▸ SUPPLIED INFORMATION
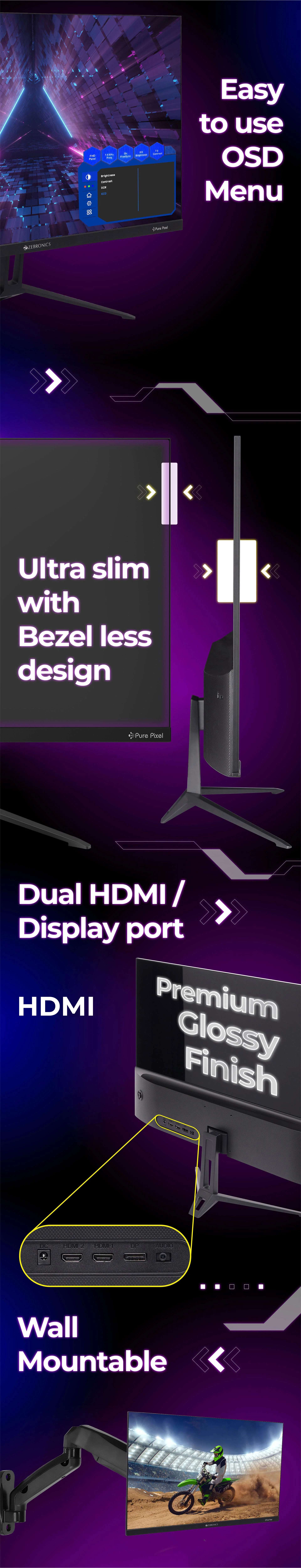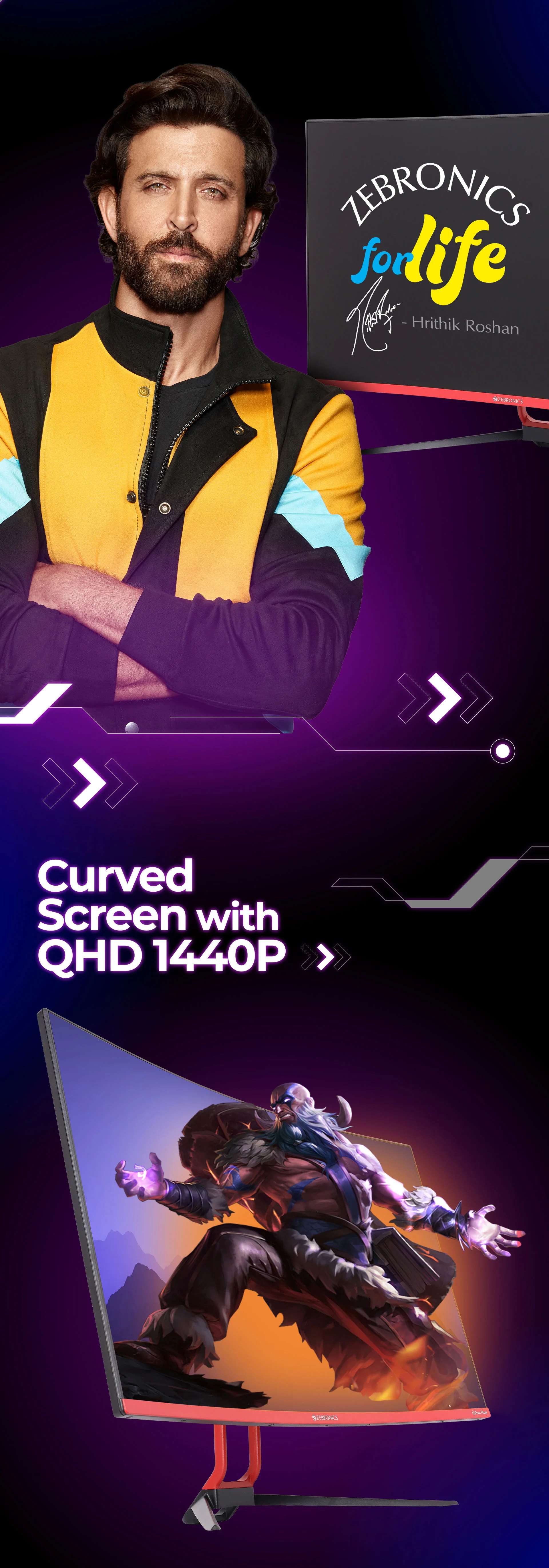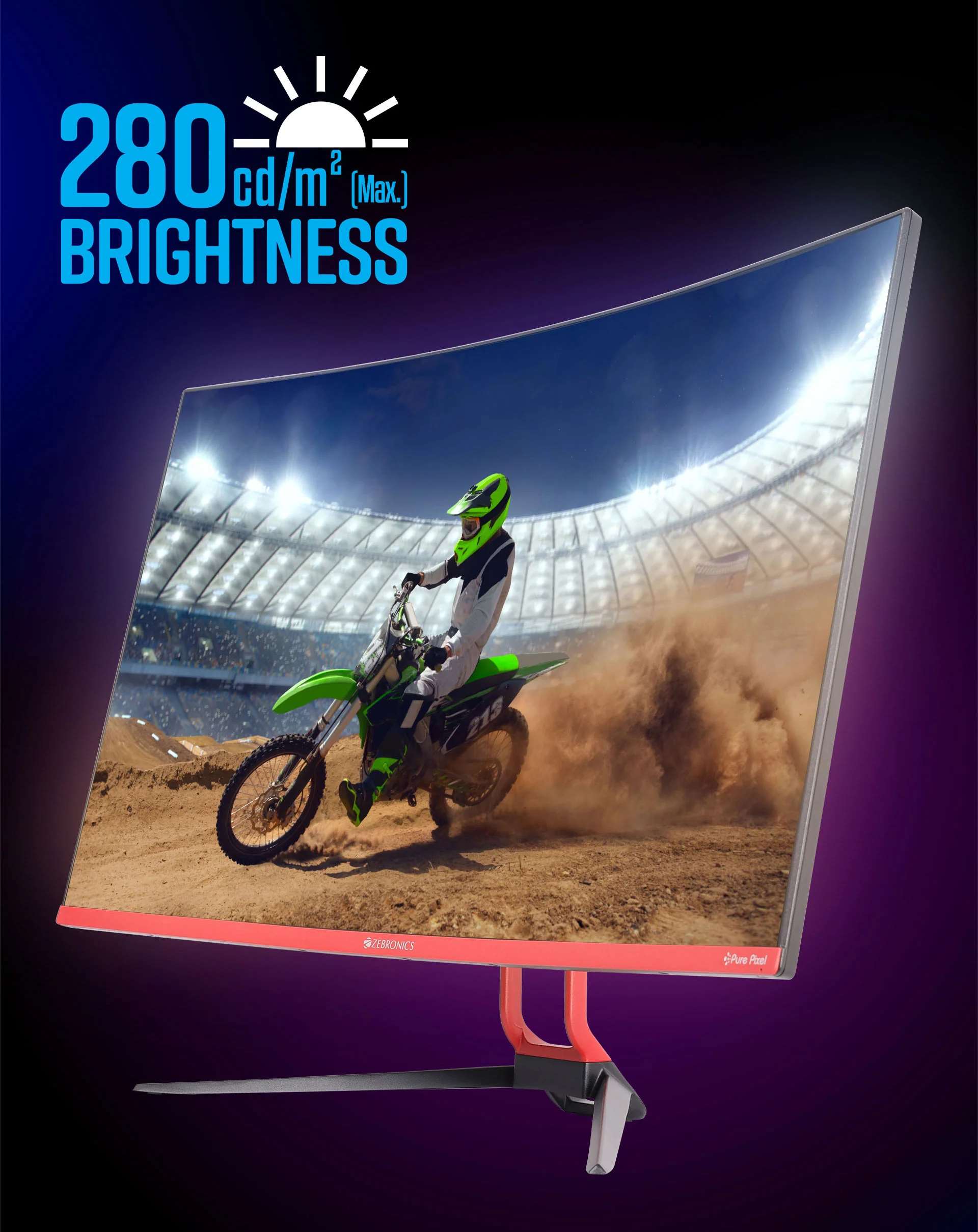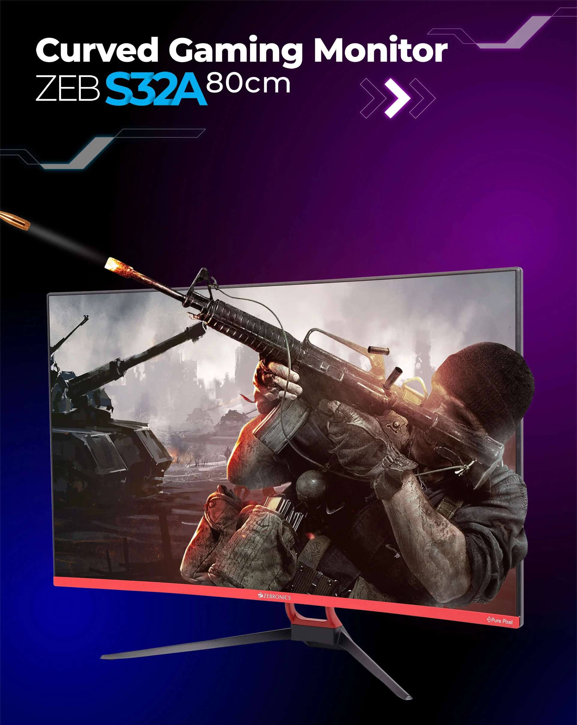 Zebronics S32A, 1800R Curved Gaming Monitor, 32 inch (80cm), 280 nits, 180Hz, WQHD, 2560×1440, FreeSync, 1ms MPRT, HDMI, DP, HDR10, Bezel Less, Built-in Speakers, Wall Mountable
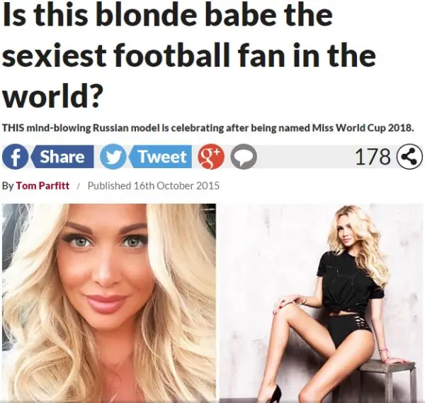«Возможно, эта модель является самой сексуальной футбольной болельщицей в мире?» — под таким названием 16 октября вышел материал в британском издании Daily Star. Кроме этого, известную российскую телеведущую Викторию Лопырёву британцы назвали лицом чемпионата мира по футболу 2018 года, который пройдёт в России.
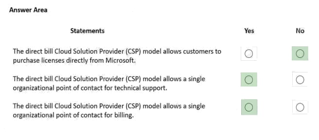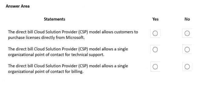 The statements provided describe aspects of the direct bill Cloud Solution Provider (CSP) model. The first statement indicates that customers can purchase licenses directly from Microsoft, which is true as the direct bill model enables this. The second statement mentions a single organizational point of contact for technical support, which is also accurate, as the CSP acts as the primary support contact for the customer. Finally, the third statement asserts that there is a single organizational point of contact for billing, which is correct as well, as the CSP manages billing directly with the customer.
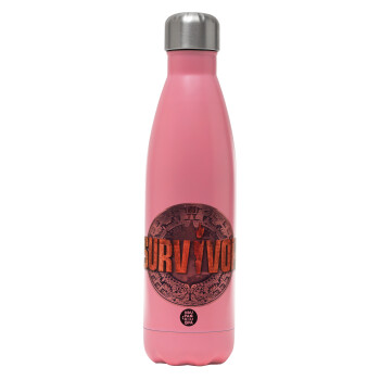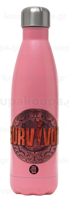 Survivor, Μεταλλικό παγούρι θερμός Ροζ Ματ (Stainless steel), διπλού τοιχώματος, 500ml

* * *

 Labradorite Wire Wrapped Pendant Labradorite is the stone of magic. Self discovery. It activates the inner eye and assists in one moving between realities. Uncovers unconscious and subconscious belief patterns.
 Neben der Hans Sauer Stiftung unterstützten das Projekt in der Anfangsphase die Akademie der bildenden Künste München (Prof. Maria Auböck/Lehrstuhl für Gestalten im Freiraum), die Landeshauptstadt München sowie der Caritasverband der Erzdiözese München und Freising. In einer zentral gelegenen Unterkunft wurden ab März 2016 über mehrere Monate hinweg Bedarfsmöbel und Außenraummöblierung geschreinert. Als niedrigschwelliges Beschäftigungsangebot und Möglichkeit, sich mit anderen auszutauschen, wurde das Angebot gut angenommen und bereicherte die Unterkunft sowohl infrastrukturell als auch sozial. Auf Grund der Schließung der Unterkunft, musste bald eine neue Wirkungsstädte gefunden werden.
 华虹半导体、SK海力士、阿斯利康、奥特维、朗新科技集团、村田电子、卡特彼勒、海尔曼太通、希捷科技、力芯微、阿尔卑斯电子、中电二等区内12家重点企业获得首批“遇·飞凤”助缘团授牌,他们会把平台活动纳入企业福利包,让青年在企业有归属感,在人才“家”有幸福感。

...

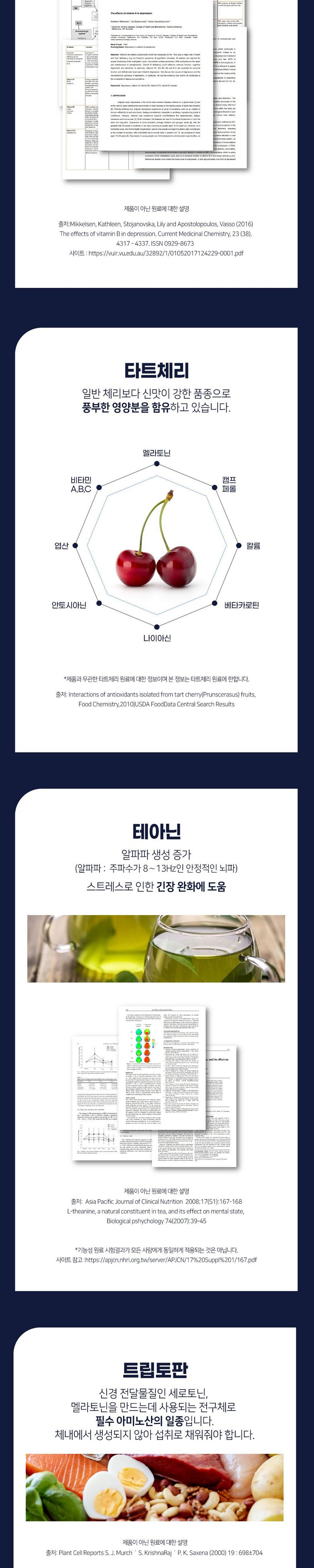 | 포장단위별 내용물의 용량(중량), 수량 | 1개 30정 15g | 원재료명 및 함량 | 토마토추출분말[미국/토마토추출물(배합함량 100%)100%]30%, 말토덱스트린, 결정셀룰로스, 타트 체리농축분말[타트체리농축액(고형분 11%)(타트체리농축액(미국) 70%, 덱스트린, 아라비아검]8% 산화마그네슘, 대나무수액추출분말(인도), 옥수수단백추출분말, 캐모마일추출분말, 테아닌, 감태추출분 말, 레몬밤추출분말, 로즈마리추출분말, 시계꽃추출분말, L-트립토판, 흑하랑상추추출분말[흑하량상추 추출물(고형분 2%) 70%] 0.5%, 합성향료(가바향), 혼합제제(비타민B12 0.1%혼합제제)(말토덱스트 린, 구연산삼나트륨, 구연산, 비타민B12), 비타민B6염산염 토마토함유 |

▸ WHAT THE TASK ASKS
Every line above from the line with "Neben der Hans" to the line with "华虹半导体、SK海力士、阿斯" is wanted, ends included; write them out exactly and add no other line.

▸ EXERCISE ANSWER
 Neben der Hans Sauer Stiftung unterstützten das Projekt in der Anfangsphase die Akademie der bildenden Künste München (Prof. Maria Auböck/Lehrstuhl für Gestalten im Freiraum), die Landeshauptstadt München sowie der Caritasverband der Erzdiözese München und Freising. In einer zentral gelegenen Unterkunft wurden ab März 2016 über mehrere Monate hinweg Bedarfsmöbel und Außenraummöblierung geschreinert. Als niedrigschwelliges Beschäftigungsangebot und Möglichkeit, sich mit anderen auszutauschen, wurde das Angebot gut angenommen und bereicherte die Unterkunft sowohl infrastrukturell als auch sozial. Auf Grund der Schließung der Unterkunft, musste bald eine neue Wirkungsstädte gefunden werden.
 华虹半导体、SK海力士、阿斯利康、奥特维、朗新科技集团、村田电子、卡特彼勒、海尔曼太通、希捷科技、力芯微、阿尔卑斯电子、中电二等区内12家重点企业获得首批“遇·飞凤”助缘团授牌,他们会把平台活动纳入企业福利包,让青年在企业有归属感,在人才“家”有幸福感。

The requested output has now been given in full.